Ovid, _Metamorphoses_ (trans. by Brookes More)

  
“He kissed her, closing his eyes  
To divine an answering kiss of life  
In her perfect lips.  
And he would not believe  
They were after all only ivory.”

Ted Hughes, _Tales From Ovid_

  
Will didn't want to go to the exhibition of Renaissance sculptures from Lithuania at the Baltimore Museum for the Arts. How could he spend an afternoon looking at still marble statues from hundreds of years ago when he was in deep shit with Professor Jack Crawford? And besides, Will didn’t like sculptures. While he understood their value as an art form, he found the medium limiting. No one ever got faces right in cold stone or clay. 

“Come on, it will be good for you. Fill your well and all that,” Beverly said as she pulled Will bodily through the ornate wooden doors of the Verger Portrait Gallery. Beverly was Will's roommate and a sculptor which meant that she had strong arms and a finely-tuned barometer to Will's bullshit. Something Will was usually thankful for. Usually.

She was, of course, referring to the fact that Jack Crawford, Will’s thesis advisor, had once again trashed Will’s latest proposal. Jack Crawford was an exacting man and as brutal a critic as he was a painter. When Will had told Beverly that he was getting advised by Professor Crawford, she had insisted Will bow a few times in front of the Buddha she kept in their apartment to appease her mother.

  
“ _The problem, Will, is that your work has no through-line. No indication of your presence or point of view._ ” Jack had said to Will just that morning.

“ _But they’re portraits, Jack. They’re supposed to be paintings of the subject. Revelatory._ ” Will had argued.

“ _Yes, Will. And your work is very much ‘of the subject’. You have done that marvelously -- captured the essence and personality of your subject. When I look at these, I see them. I know them, I feel their pain and their desires. It is all very good._ ”

“ _So what’s the problem?_ ” Will had felt the animalistic urge to throttle Jack at that very moment.

“ _There is nothing of you in it. I see them but I do not see you. I know who these people are, Will, but who are you? What do these portraits say about you as an artist? As a person?_ ”

The discussion had been one they had been having for most of Will’s senior term. He had, of course, anticipated Jack Crawford to be a difficult mentor. The man had a reputation to live up to. And Will had even welcomed the challenge. Great art was never easy, right? If he had to struggle for something great, Will was prepared to do just that. But the strife delivered by Jack Crawford was teetering on the edge of too much. The man seemed to derive a unique pleasure from agitating Will. And Will had just quit smoking. 

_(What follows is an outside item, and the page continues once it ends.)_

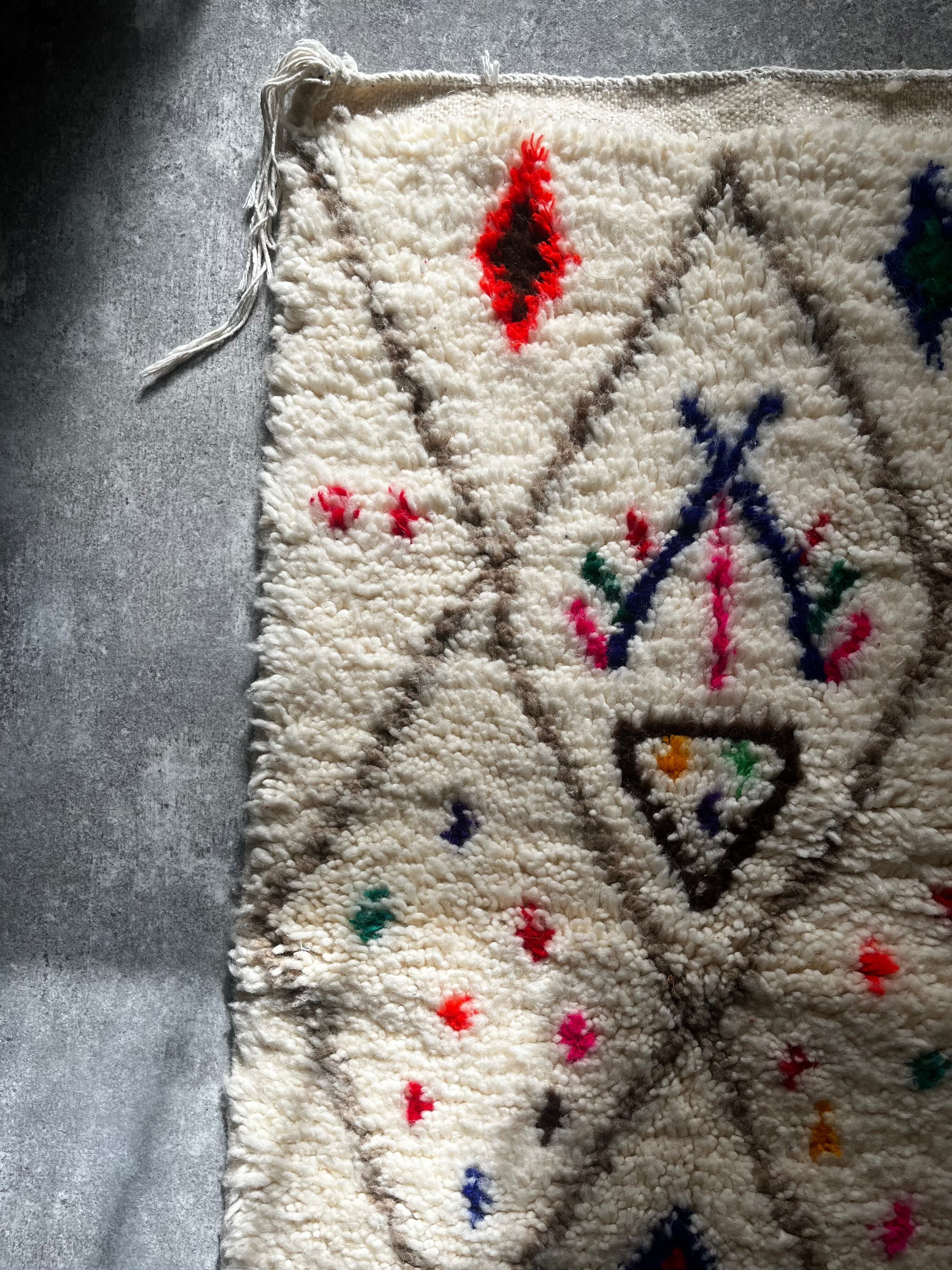 モロッコ中部のアジラル地方で、長い歴史をもつ種族ベルベル人女性によって、ひとつひとつ丁寧に、手織りで織られる「アジラルラグ」。

So Will let Beverly pull him in. He was done fighting for today.

  
Inside, the sculptures were set up, a circular arrangement of white stone corpses propped up on pedestals. Will felt a chill run through his spine. For a moment, the image of walking through the scene of a murder flashed in his mind. Will heard Beverly give a small squeal and turned to watch his friend dive immediately to the centerpiece of the exhibit. It was a statue of a woman that was monumental in every way. Will joined her at the sculpture’s feet, angling his face upward to follow the lines of her draping toga, caught in the moment of falling off her shoulders. It was quite an impressive feat, Will had to admit. But it wasn’t exactly his thing. He couldn’t see her face.

As Beverly continued to follow the rest of the exhibit, Will found himself studying the portraits on the wall instead. They were the Verger’s own private collection. Portraits of family members. They apparently dated back to as early as the American Civil War, which, Will learned, was when the family began earning its fortune. They were exactly the kind of work Will despised: self-aggrandizing, dishonest, and trite. They were, however, much more diverting than the carved marble in the center of the room.

Will was so absorbed in the horror of the portrait of the current head of the Verger Family (sitting, dark tones to highlight a bloated white face that Will wanted to tear apart) that he almost missed it. 

It had been placed in the corner of the exhibit, apart from the other sculptures as if to demarcate its strangeness. It was, after all, the only bust in a room of grand bodies of marble set on ridiculously high pedestals. Perhaps it was the fact that it was the only face that he could clearly see that caught Will’s attention.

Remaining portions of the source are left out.